(SUPPLIED INFORMATION begins)

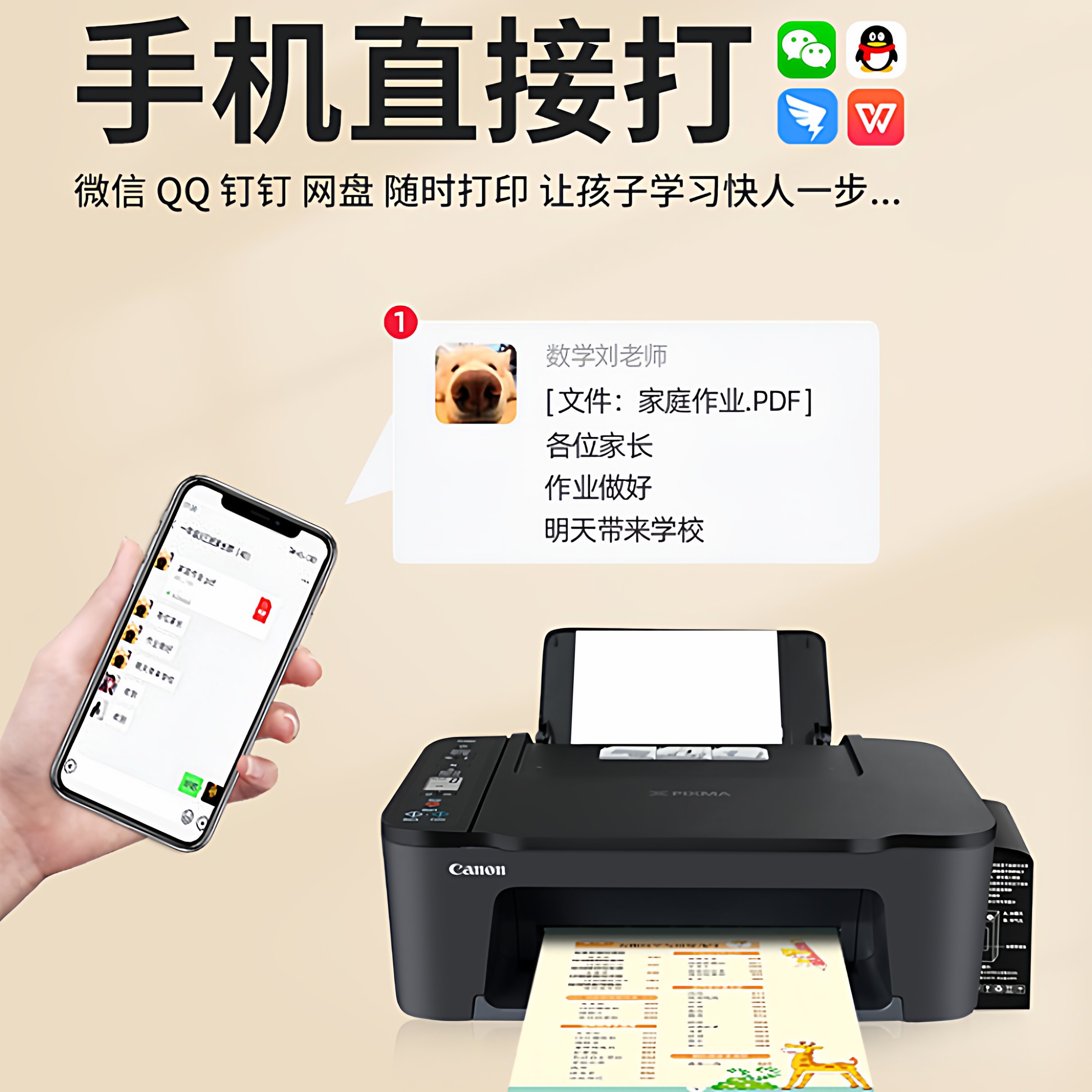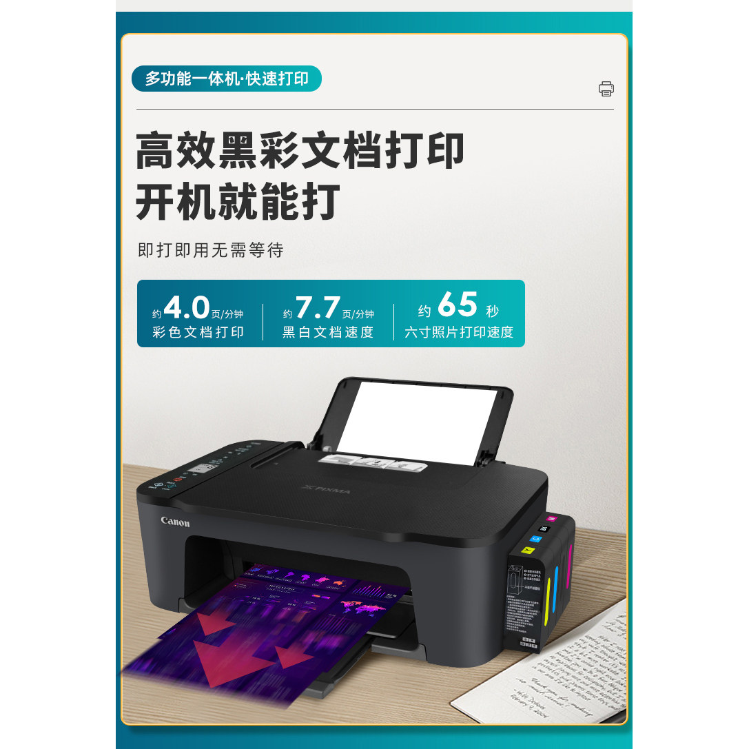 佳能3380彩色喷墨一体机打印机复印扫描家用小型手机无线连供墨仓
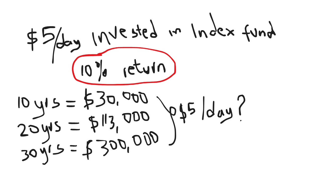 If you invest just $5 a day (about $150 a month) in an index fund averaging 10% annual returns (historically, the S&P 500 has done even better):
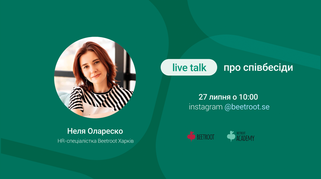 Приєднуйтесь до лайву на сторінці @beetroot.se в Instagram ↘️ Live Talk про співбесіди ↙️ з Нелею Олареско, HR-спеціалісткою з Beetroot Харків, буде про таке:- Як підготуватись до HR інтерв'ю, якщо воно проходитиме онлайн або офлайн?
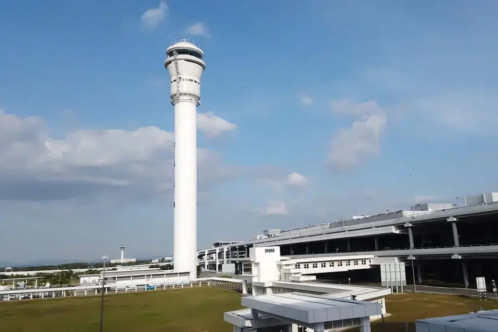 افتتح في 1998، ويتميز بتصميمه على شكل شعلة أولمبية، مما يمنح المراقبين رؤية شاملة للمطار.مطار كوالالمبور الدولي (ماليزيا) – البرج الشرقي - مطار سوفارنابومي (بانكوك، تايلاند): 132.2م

(SUPPLIED INFORMATION ends)

WORK REQUEST:
Should there be pictures in the data, leave them out and return the rest exactly.

ANSWER BOX:
 佳能3380彩色喷墨一体机打印机复印扫描家用小型手机无线连供墨仓
 If you invest just $5 a day (about $150 a month) in an index fund averaging 10% annual returns (historically, the S&P 500 has done even better):
 Приєднуйтесь до лайву на сторінці @beetroot.se в Instagram ↘️ Live Talk про співбесіди ↙️ з Нелею Олареско, HR-спеціалісткою з Beetroot Харків, буде про таке:- Як підготуватись до HR інтерв'ю, якщо воно проходитиме онлайн або офлайн?
 افتتح في 1998، ويتميز بتصميمه على شكل شعلة أولمبية، مما يمنح المراقبين رؤية شاملة للمطار.مطار كوالالمبور الدولي (ماليزيا) – البرج الشرقي - مطار سوفارنابومي (بانكوك، تايلاند): 132.2م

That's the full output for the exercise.